Write the lines below out exactly, dropping each picture.

Recorded data:
*** Block opens ***
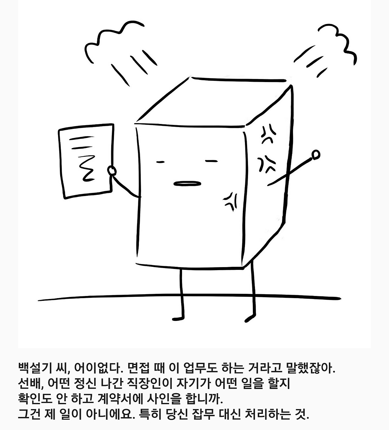 백설기 씨, 어이없다. 면접 때 이 업무도 하는 거라고 말했잖아.
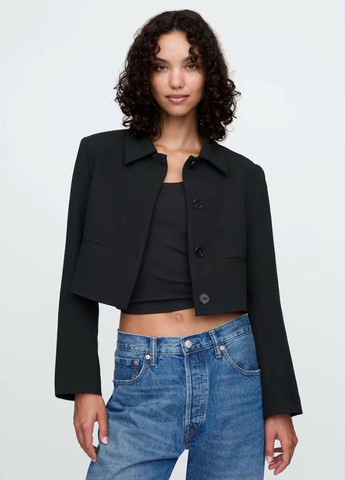 Приталений укорочений жіночий жакет з відкладним коміром надасть образу елегантності та вишуканості. Має зручні бічні кишені із клапанами. Відмінно підійде до ділового та повсякденного стилю. Піджак вигідно виглядає у поєднанні як зі спідницями, так і зі брюками. Виконаний із практичної тканини, яка подарує почуття комфорту. Добре поєднується з мокасинами та підборами. Підходить для роботи в офісі, прогулянках, романтичних зустрічах.
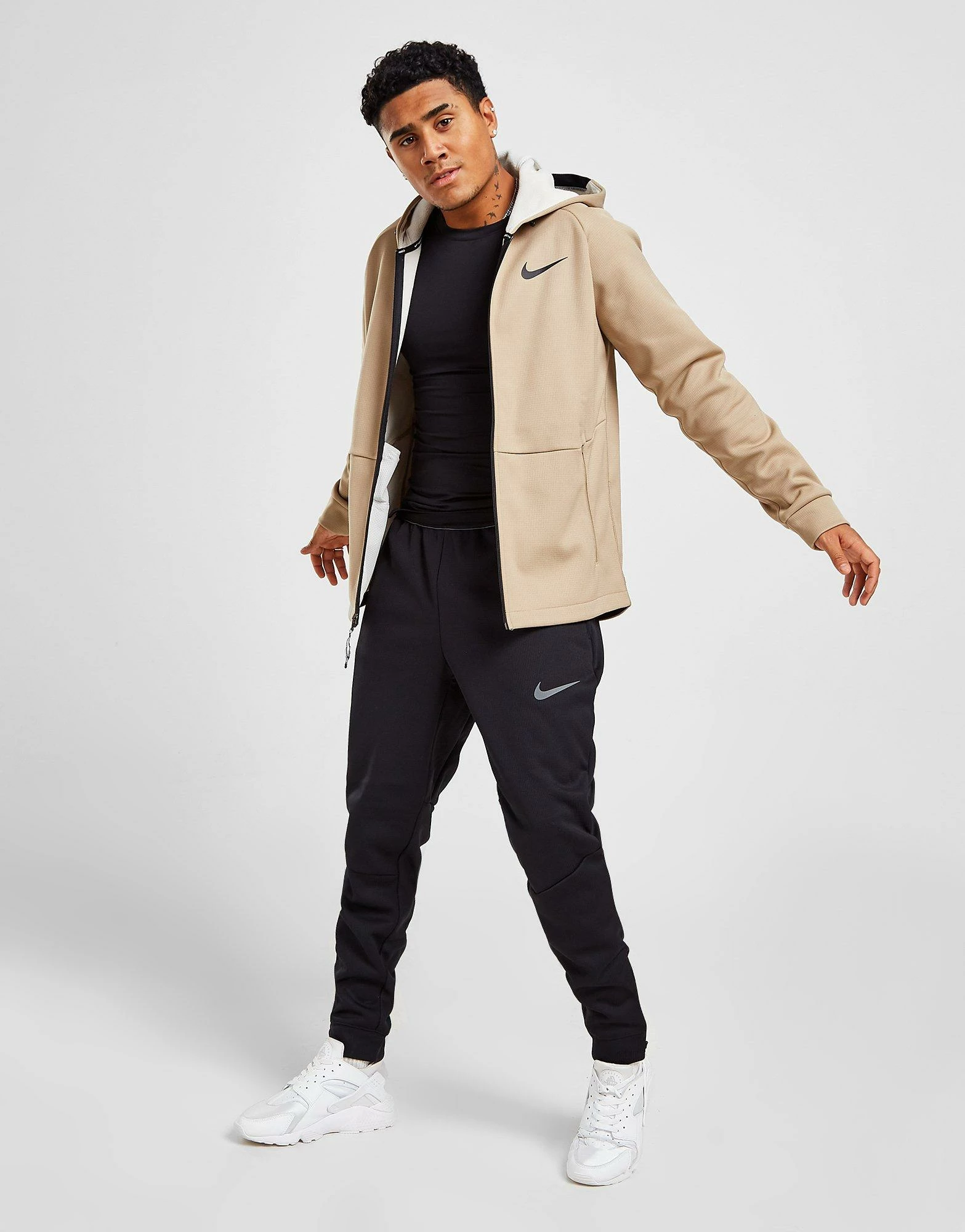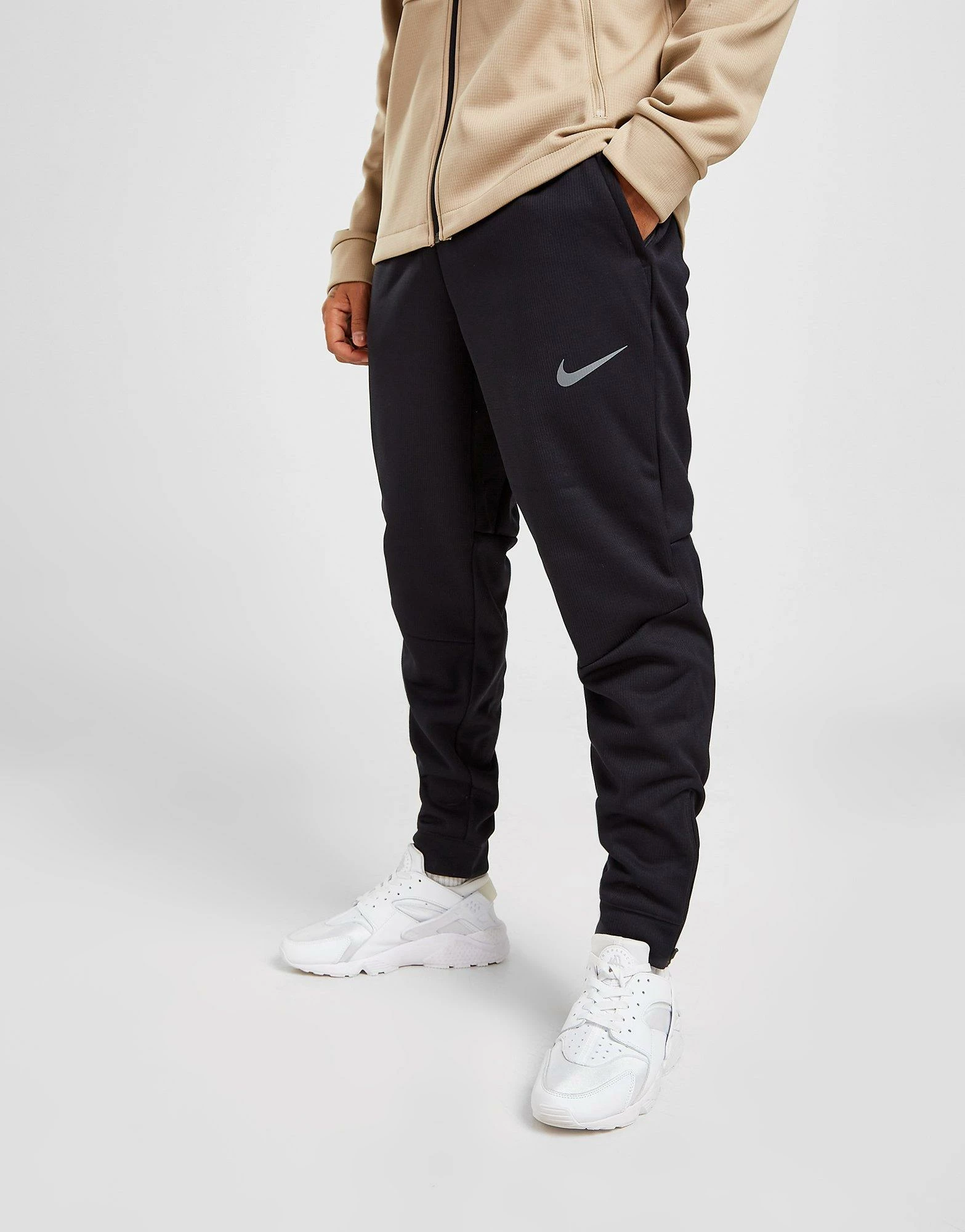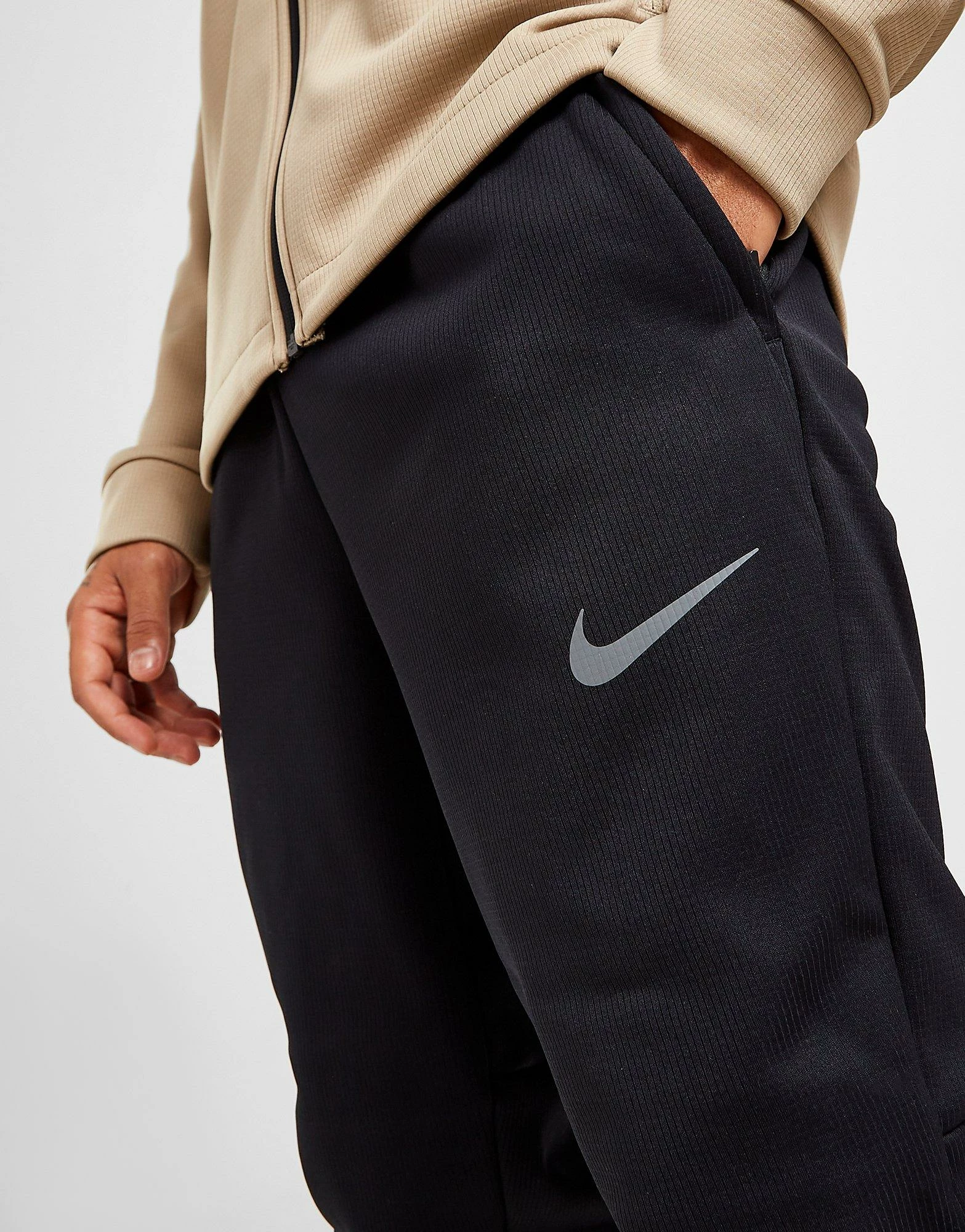 Keep warm this winter with these men’s Sphere Pro Track Pants from Nike. In a Black and Iron Grey colourway, these track pants are made from semi-recycled polyester fabric that’s light and breathable for cool comfort. They feature Nike Therma-FIT tech to lock in the warmth, with an elasticated waistband for a relaxed fit and zip-up hems for customisable airflow. They have zippered side pockets for secure storage and are finished up with Nike branding to the thigh. Machine washable | Our model is 5’11” and wears a size medium.
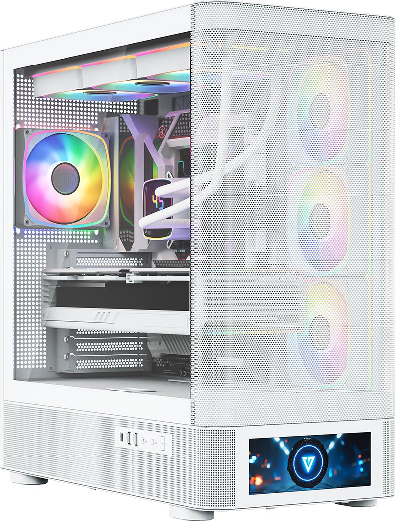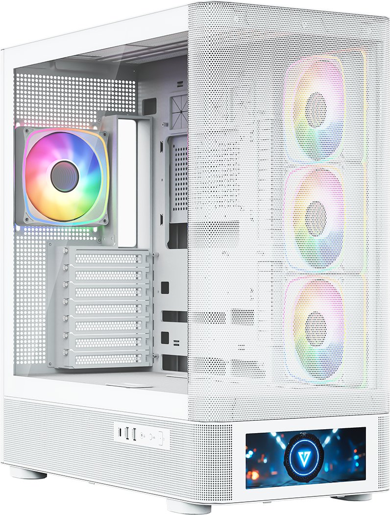 MODECOM Volcano AQ500 ARGB MIDI jest przedstawicielem serii obudów Volcano AQ charakteryzujących się efektownym wzornictwem obłych kształtów frontowego, (w tym przypadku perforowanego, metalowego panelu), możliwością montażu płyt głównych z odwróconymi złączami, czterema wentylatorami 120 mm ARGB w standardzie z kontrolerem podświetlenia ARGB i wsparciem dla chłodnic wodnych do 420 mm oraz licznymi perforacjami na panelach bocznych w celu zapewnienia chłodnej pracy komputera. Cechą charakterystyczną wersji AQ500 jest ekran LCD wbudowany na froncie obudowy, na którym można wyświetlić zdjęcie, film w formacie mp4 lub monitorować temperaturę i obciążenie pracy procesora, karty graficznej czy użycie pamięci RAM. Całość zalet uzupełniają dwa porty USB 3.0 oraz jeden USB-C (USB 3.2 Gen 2). To obudowa stworzona, by cieszyć się widokiem podzespołów i spersonalizować komputer pod siebie.
*** Block closes ***
Solution for this task:
 백설기 씨, 어이없다. 면접 때 이 업무도 하는 거라고 말했잖아.
 Приталений укорочений жіночий жакет з відкладним коміром надасть образу елегантності та вишуканості. Має зручні бічні кишені із клапанами. Відмінно підійде до ділового та повсякденного стилю. Піджак вигідно виглядає у поєднанні як зі спідницями, так і зі брюками. Виконаний із практичної тканини, яка подарує почуття комфорту. Добре поєднується з мокасинами та підборами. Підходить для роботи в офісі, прогулянках, романтичних зустрічах.
 Keep warm this winter with these men’s Sphere Pro Track Pants from Nike. In a Black and Iron Grey colourway, these track pants are made from semi-recycled polyester fabric that’s light and breathable for cool comfort. They feature Nike Therma-FIT tech to lock in the warmth, with an elasticated waistband for a relaxed fit and zip-up hems for customisable airflow. They have zippered side pockets for secure storage and are finished up with Nike branding to the thigh. Machine washable | Our model is 5’11” and wears a size medium.
 MODECOM Volcano AQ500 ARGB MIDI jest przedstawicielem serii obudów Volcano AQ charakteryzujących się efektownym wzornictwem obłych kształtów frontowego, (w tym przypadku perforowanego, metalowego panelu), możliwością montażu płyt głównych z odwróconymi złączami, czterema wentylatorami 120 mm ARGB w standardzie z kontrolerem podświetlenia ARGB i wsparciem dla chłodnic wodnych do 420 mm oraz licznymi perforacjami na panelach bocznych w celu zapewnienia chłodnej pracy komputera. Cechą charakterystyczną wersji AQ500 jest ekran LCD wbudowany na froncie obudowy, na którym można wyświetlić zdjęcie, film w formacie mp4 lub monitorować temperaturę i obciążenie pracy procesora, karty graficznej czy użycie pamięci RAM. Całość zalet uzupełniają dwa porty USB 3.0 oraz jeden USB-C (USB 3.2 Gen 2). To obudowa stworzona, by cieszyć się widokiem podzespołów i spersonalizować komputer pod siebie.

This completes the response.